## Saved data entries
____
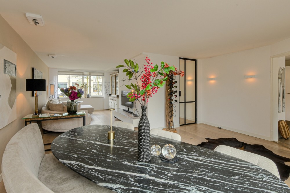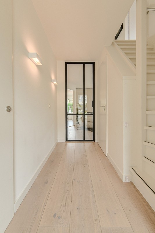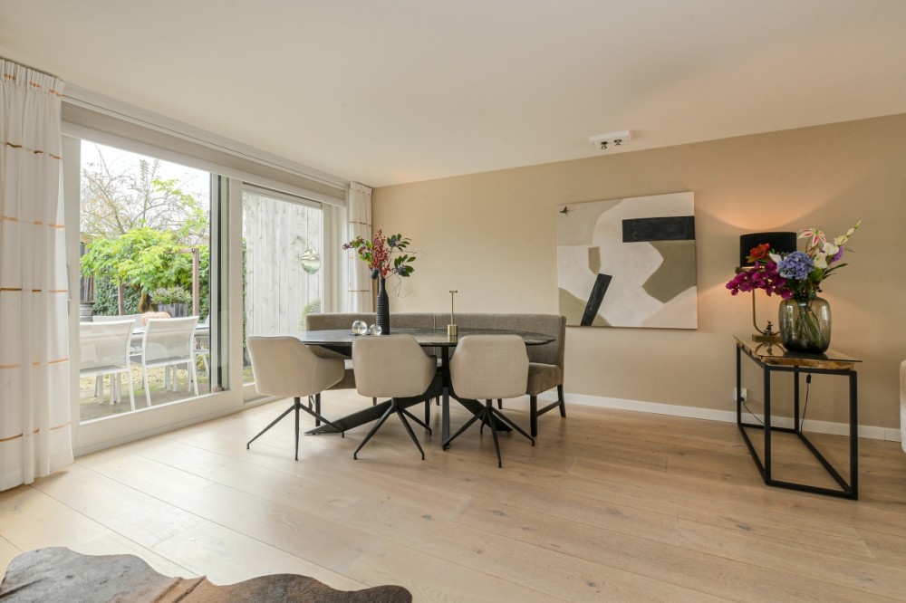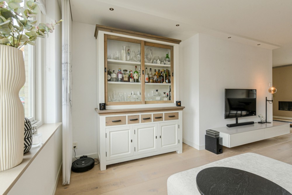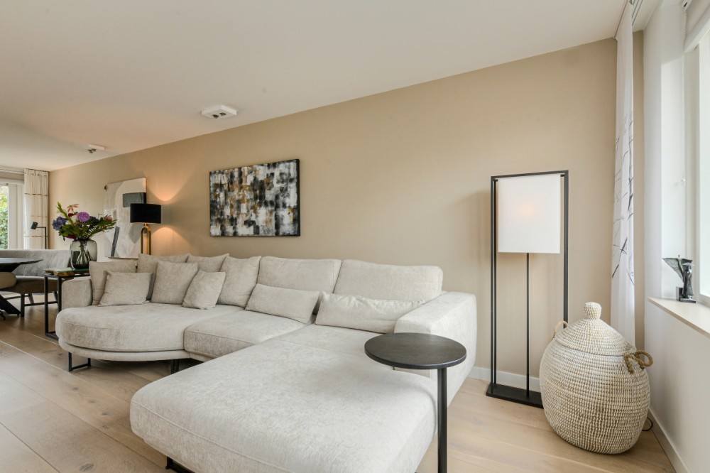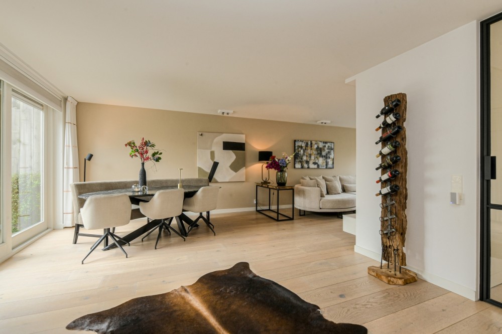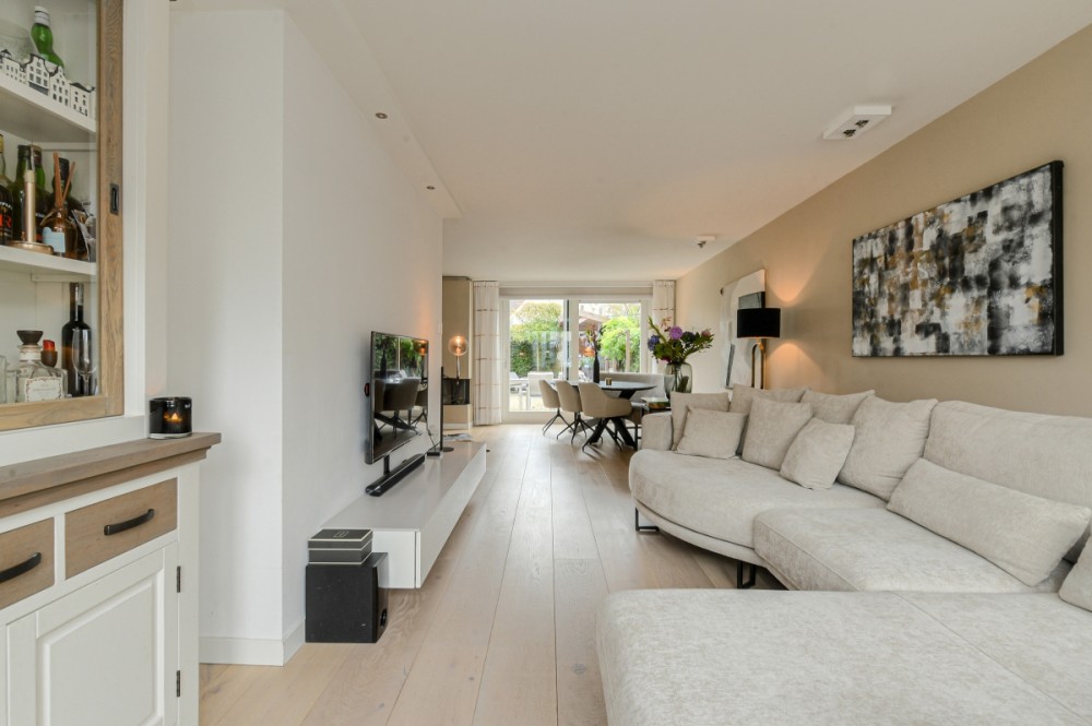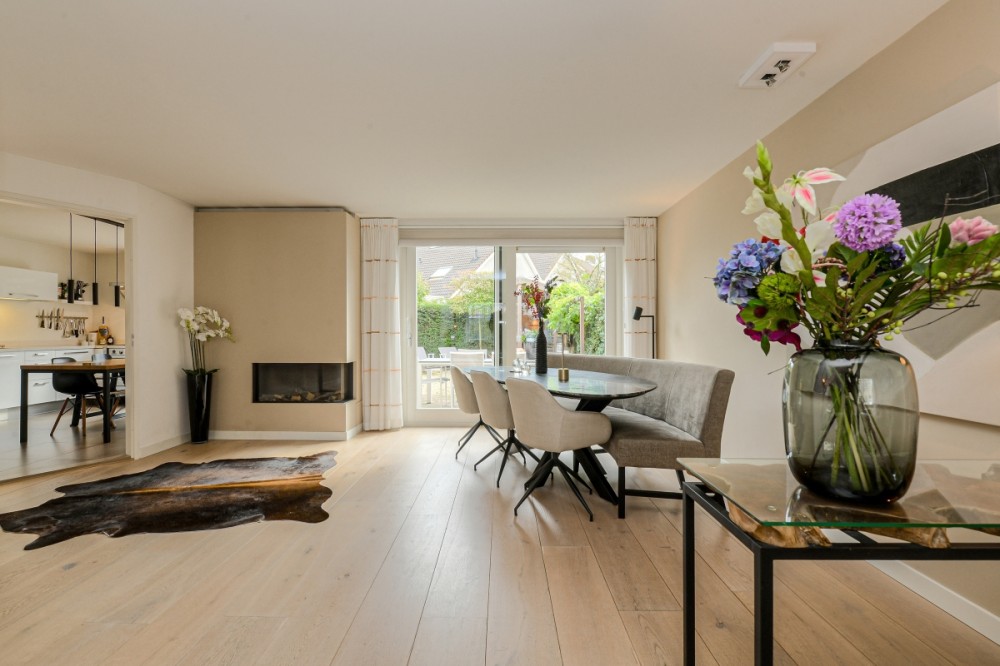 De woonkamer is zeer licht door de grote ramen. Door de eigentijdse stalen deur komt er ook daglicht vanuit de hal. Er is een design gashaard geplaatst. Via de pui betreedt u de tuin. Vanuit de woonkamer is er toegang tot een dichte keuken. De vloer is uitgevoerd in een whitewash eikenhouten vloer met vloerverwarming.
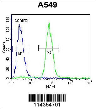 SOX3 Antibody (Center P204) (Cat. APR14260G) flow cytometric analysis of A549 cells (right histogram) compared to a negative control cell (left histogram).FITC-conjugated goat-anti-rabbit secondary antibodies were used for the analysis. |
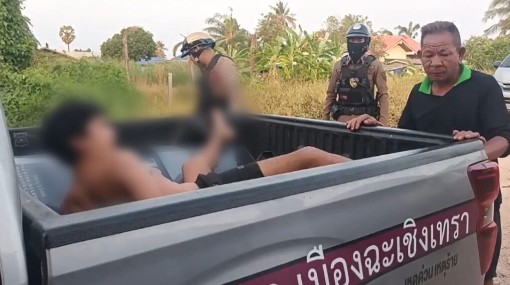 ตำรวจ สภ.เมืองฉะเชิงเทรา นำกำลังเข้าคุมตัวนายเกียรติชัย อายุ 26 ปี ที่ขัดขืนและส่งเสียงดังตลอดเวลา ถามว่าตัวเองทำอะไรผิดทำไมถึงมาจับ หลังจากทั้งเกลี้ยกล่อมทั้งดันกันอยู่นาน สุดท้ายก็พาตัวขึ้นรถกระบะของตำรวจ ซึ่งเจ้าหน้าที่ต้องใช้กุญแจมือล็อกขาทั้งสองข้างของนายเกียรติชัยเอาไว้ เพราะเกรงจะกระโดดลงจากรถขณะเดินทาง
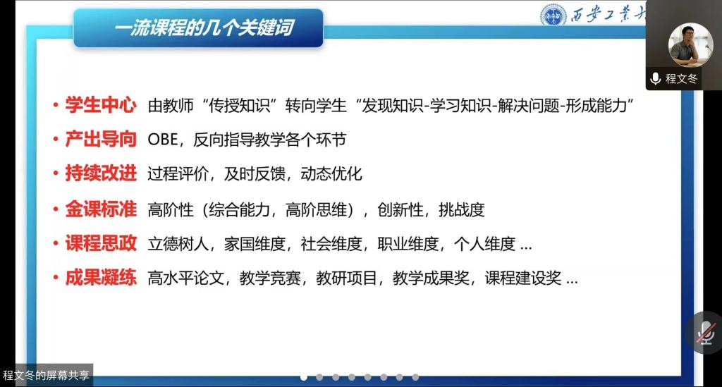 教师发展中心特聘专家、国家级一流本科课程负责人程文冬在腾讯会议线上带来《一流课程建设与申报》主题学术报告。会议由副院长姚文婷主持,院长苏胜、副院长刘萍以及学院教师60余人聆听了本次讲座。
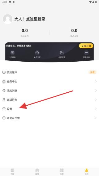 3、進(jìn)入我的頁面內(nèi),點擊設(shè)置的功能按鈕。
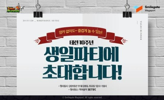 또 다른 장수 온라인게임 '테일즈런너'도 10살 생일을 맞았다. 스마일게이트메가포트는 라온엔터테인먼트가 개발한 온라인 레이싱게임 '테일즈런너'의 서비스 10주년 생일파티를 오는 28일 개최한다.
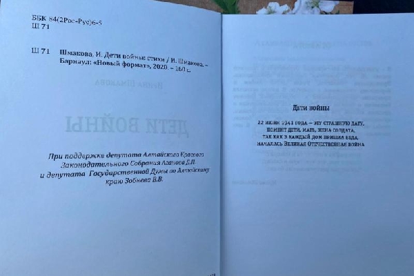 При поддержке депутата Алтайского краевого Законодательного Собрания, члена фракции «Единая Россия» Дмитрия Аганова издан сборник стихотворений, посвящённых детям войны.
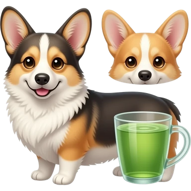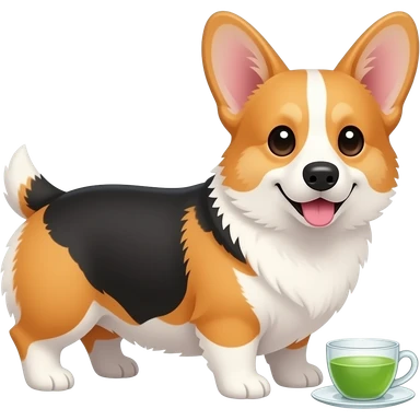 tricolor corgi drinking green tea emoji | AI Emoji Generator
____
## Work item
Word for word, output the lines from the line bearing "SOX3 Antibody (Center" through the end of the records above, and only those, without the pictures.

## Your response
 SOX3 Antibody (Center P204) (Cat. APR14260G) flow cytometric analysis of A549 cells (right histogram) compared to a negative control cell (left histogram).FITC-conjugated goat-anti-rabbit secondary antibodies were used for the analysis. |
 ตำรวจ สภ.เมืองฉะเชิงเทรา นำกำลังเข้าคุมตัวนายเกียรติชัย อายุ 26 ปี ที่ขัดขืนและส่งเสียงดังตลอดเวลา ถามว่าตัวเองทำอะไรผิดทำไมถึงมาจับ หลังจากทั้งเกลี้ยกล่อมทั้งดันกันอยู่นาน สุดท้ายก็พาตัวขึ้นรถกระบะของตำรวจ ซึ่งเจ้าหน้าที่ต้องใช้กุญแจมือล็อกขาทั้งสองข้างของนายเกียรติชัยเอาไว้ เพราะเกรงจะกระโดดลงจากรถขณะเดินทาง
 教师发展中心特聘专家、国家级一流本科课程负责人程文冬在腾讯会议线上带来《一流课程建设与申报》主题学术报告。会议由副院长姚文婷主持,院长苏胜、副院长刘萍以及学院教师60余人聆听了本次讲座。
 3、進(jìn)入我的頁面內(nèi),點擊設(shè)置的功能按鈕。
 또 다른 장수 온라인게임 '테일즈런너'도 10살 생일을 맞았다. 스마일게이트메가포트는 라온엔터테인먼트가 개발한 온라인 레이싱게임 '테일즈런너'의 서비스 10주년 생일파티를 오는 28일 개최한다.
 При поддержке депутата Алтайского краевого Законодательного Собрания, члена фракции «Единая Россия» Дмитрия Аганова издан сборник стихотворений, посвящённых детям войны.
 tricolor corgi drinking green tea emoji | AI Emoji Generator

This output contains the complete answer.